Artificial Intelligence (AI) Platform for Digital Therapeutics and Brain Fitness Solutions
The platform assists and empowers health care professionals, researchers and third-party developers to develop their own solutions with an Artificial Intelligence (AI) driven platform. The AI platform works seamlessly with the company's award-winning portable EEG headset to provide developers with the ability to analyze the brain signals of users; measuring mental states including but not limited to attention, relaxation, mental workload and fatigue.  The technology reveals numerous potential avenues to explore complementary, intervention programs for mental wellness, such as Attention Deficit Hyperactivity Disorder (ADHD) in children, rehabilitation programs for stroke patients, cognitive rehabilitation for seniors and other neurological issues. 
Artificial Intelligence Enhanced Millimeter-Wave Indoor Real-time Location System
There is a need in healthcare delivery for higher accuracy location sensing at low costs. The Covid-19 pandemic has highlighted the need for accurate contact tracing to identify at-risk individuals. Furthermore, hospitals demand globally continues to outstrip capacity growth, and therefore technological solutions are required to: 1) more quickly allocate bed spaces, to reduce patient length-of-stay and increase patient throughput; 2) more efficiently find resources, to save staff time and decrease working capital; 3) more effectively monitor room occupancy, patient-staff interactions, and wait times, to better use valuable hospital space and optimise contact time. We have developed a system to use sensor mesh networks of IoT devices — based on millimetre-wave technology coupled with artificial intelligence (AI) — to provide more accurate indoor real-time location sensing (RTLS) for improved contact tracing, patient flow and equipment finding in hospitals. The deployment of these technologies can improve healthcare delivery and patient outcomes, while reducing costs.

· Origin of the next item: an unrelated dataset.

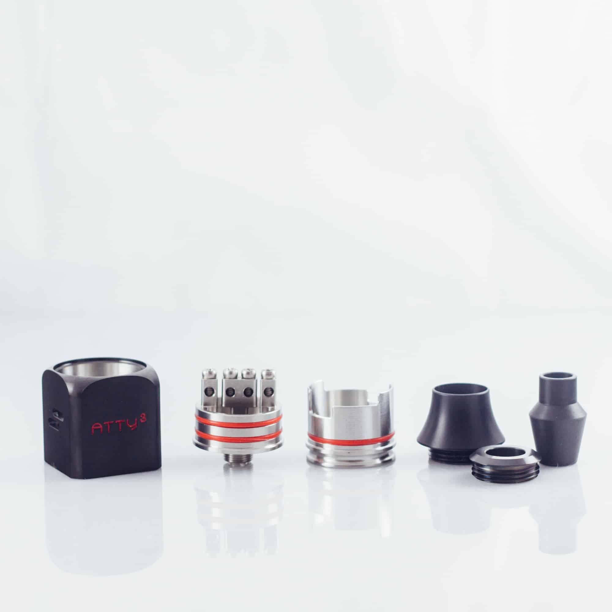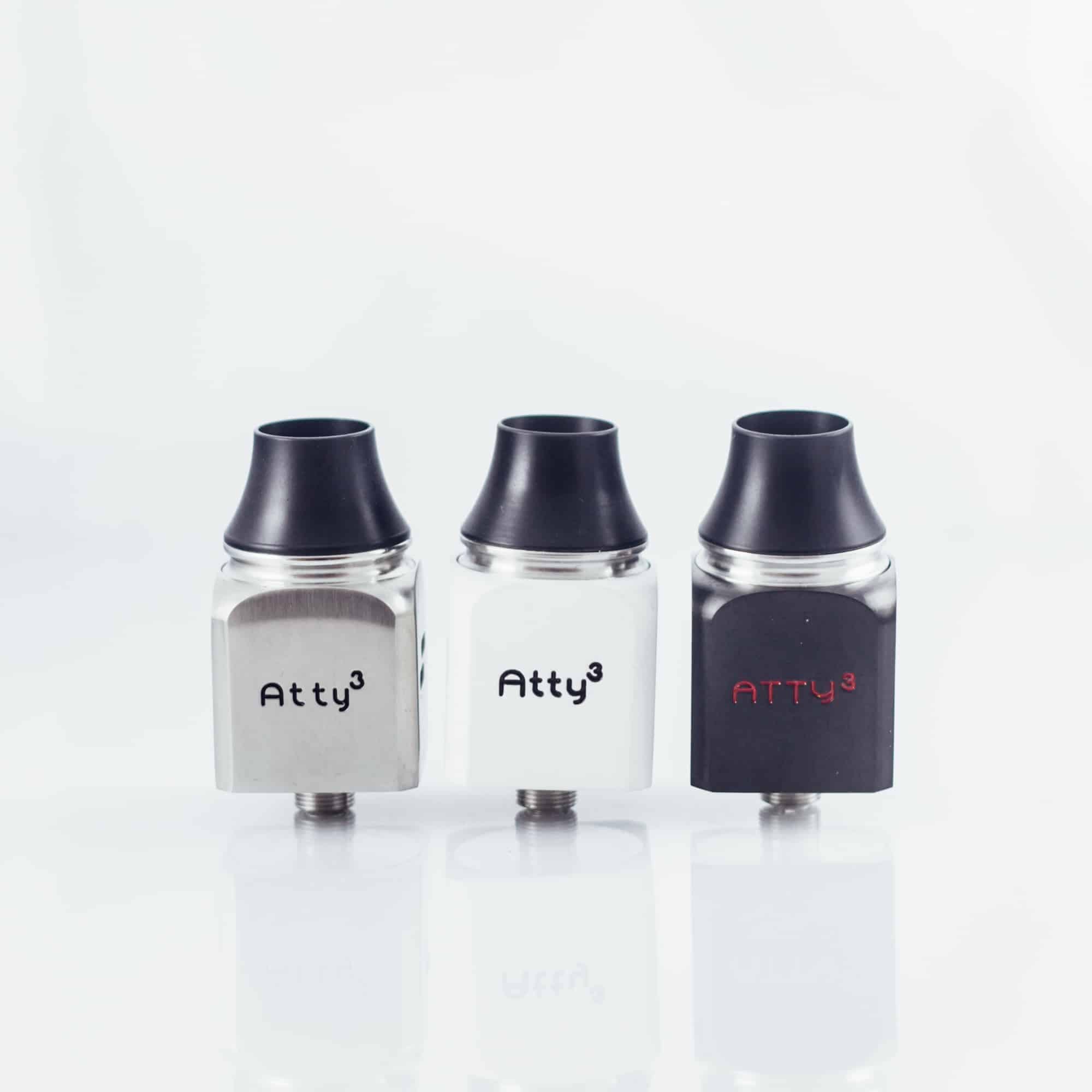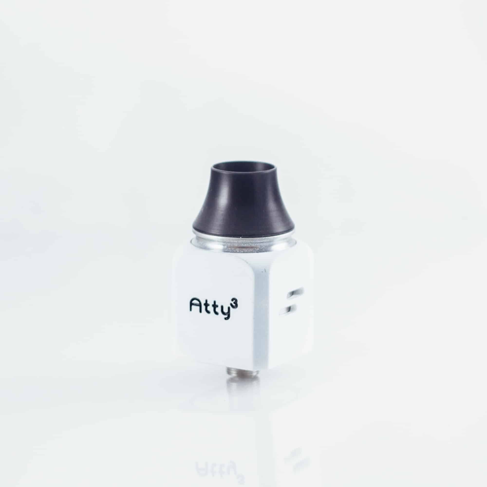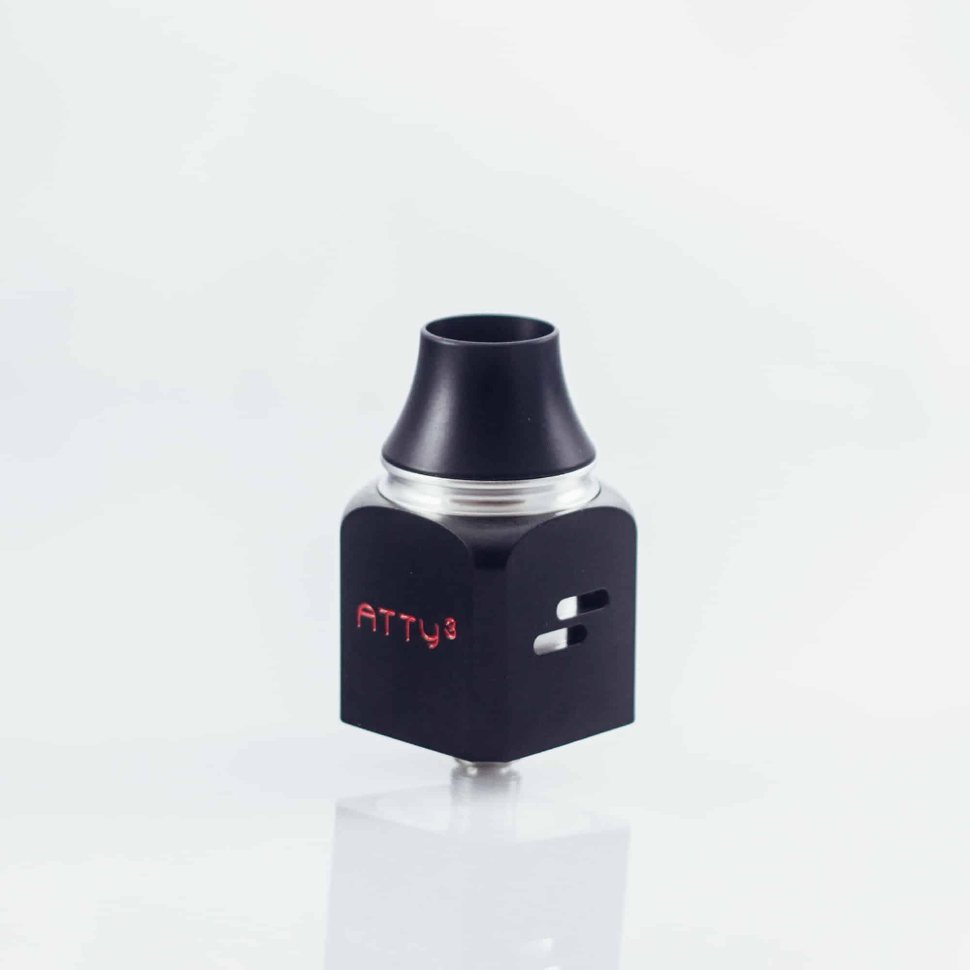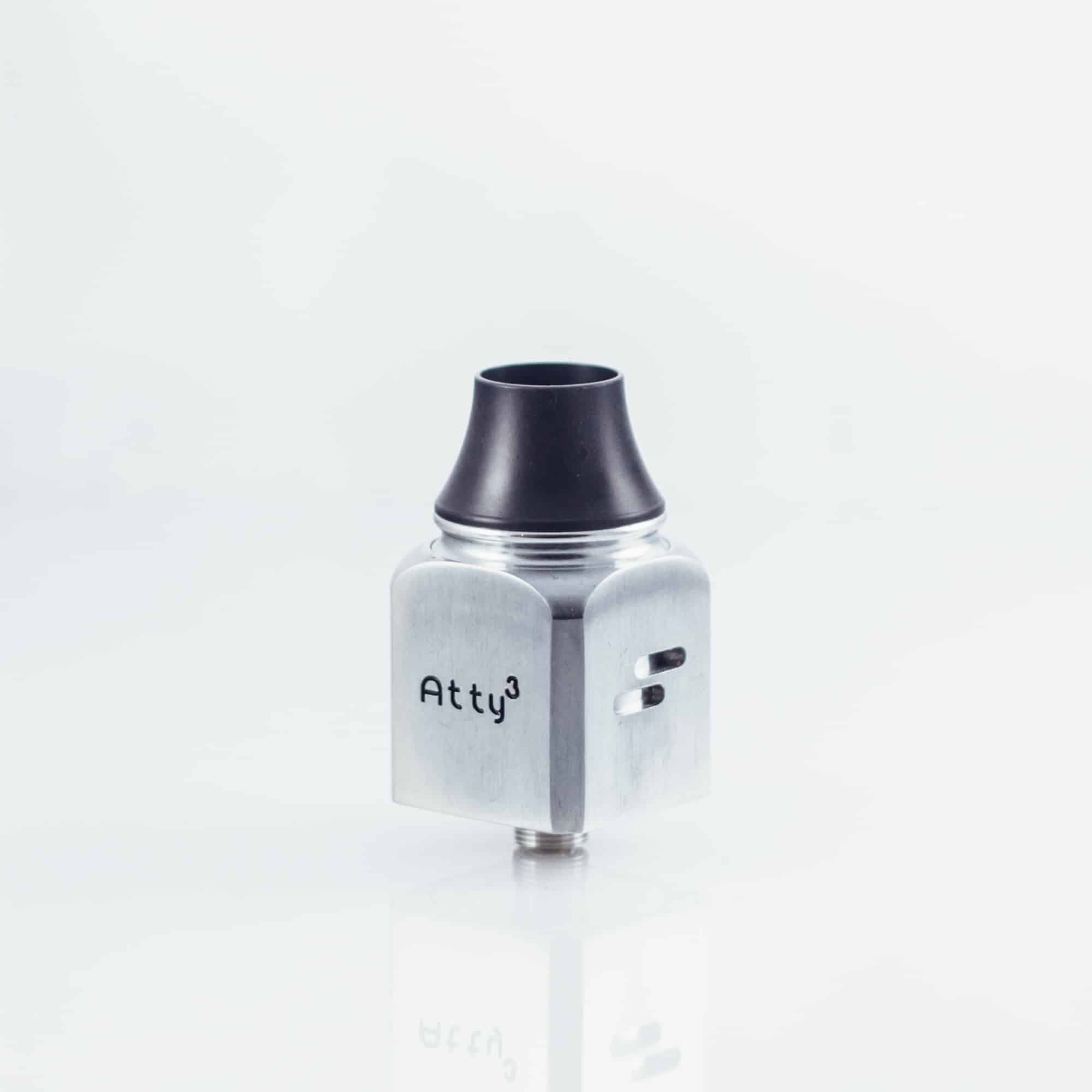 Wotofo Atty 3 är en kubformad RDA (Rebuildable dripper atomizer) som ser riktigt läcker ut på en boxmod. Den har 2 positiva och 2 negativa poster i rostfritt stål som är enkla att bygga i. Munstycket är av sorten chuff cap, en större drip tip som låter mer ånga och därmed mer smak flöda. En 510-drip tip adapter medföljer. Stora justerbara luftflödeshål!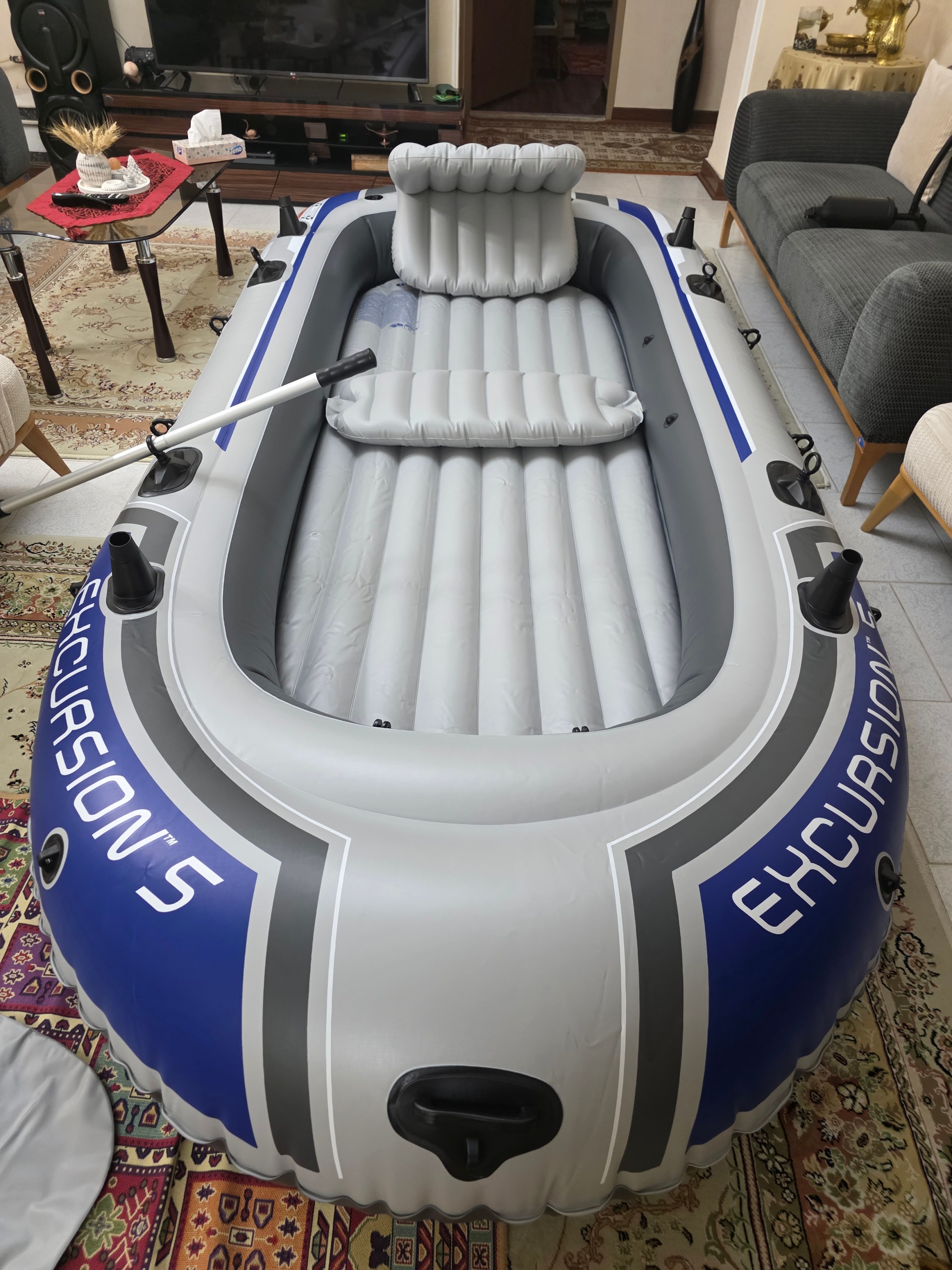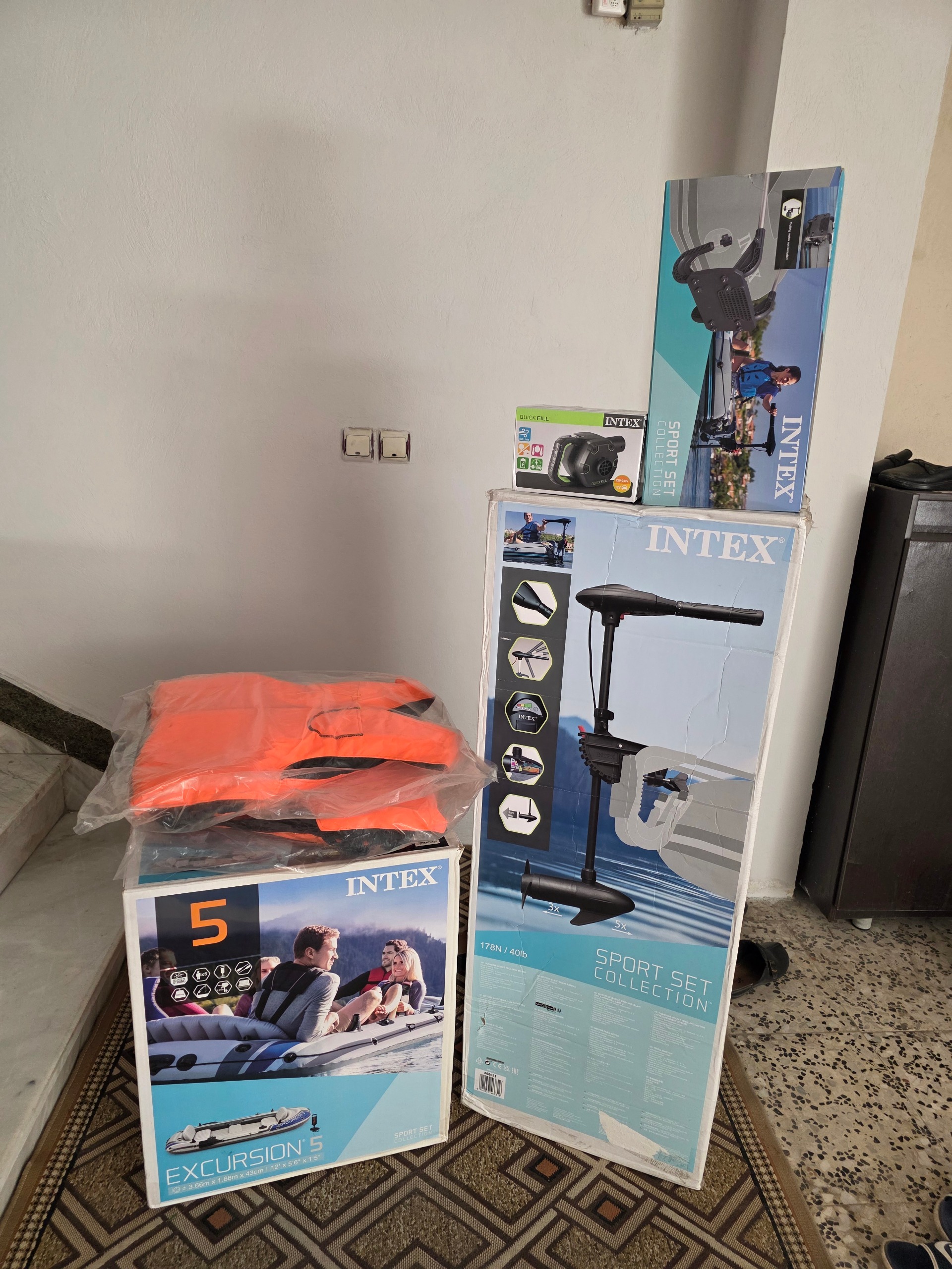 قایق بادی 5 نفره به همراه پایه نصب موتور و موتور برقی نو و بدون استفاده به صورت یکجا فروخته می شود زیر قیمت بازار

Robotic Capsule Endoscope for GI Tract Inspection
The capsule endoscope (CE) has revolutionised gastrointestinal (GI) tract inspection. Traditional endoscopy requires a camera on the end of a cable to be inserted into the patient, with understandable anxiety prior to the procedure, additional risk during the procedure, and considerable discomfort both during and after the procedure. In contrast, CEs are pill-like miniature cameras, taken orally like any pill medication in an easy and angst-free manner, prior to travelling through the body and imaging the GI tract with minimal discomfort. Using these images, clinicians can make routine diagnoses of a range of diseases, including bowel cancer, Crohn’s Disease and ulcerative colitis, to name a few. However, CEs travel through the digestive system in a passive manner. This limits the utility of the device in terms of speed, positioning and overall control. Therefore, a capsule endoscope capable of locomotion has been developed by our researchers. Using impact forces, friction in the GI tract is overcome and allows control over speed and positioning when inspecting the GI tract. Further, the underlying locomotion technology is likely applicable for delivery of other cargo, such as other miniaturised medical devices or drugs.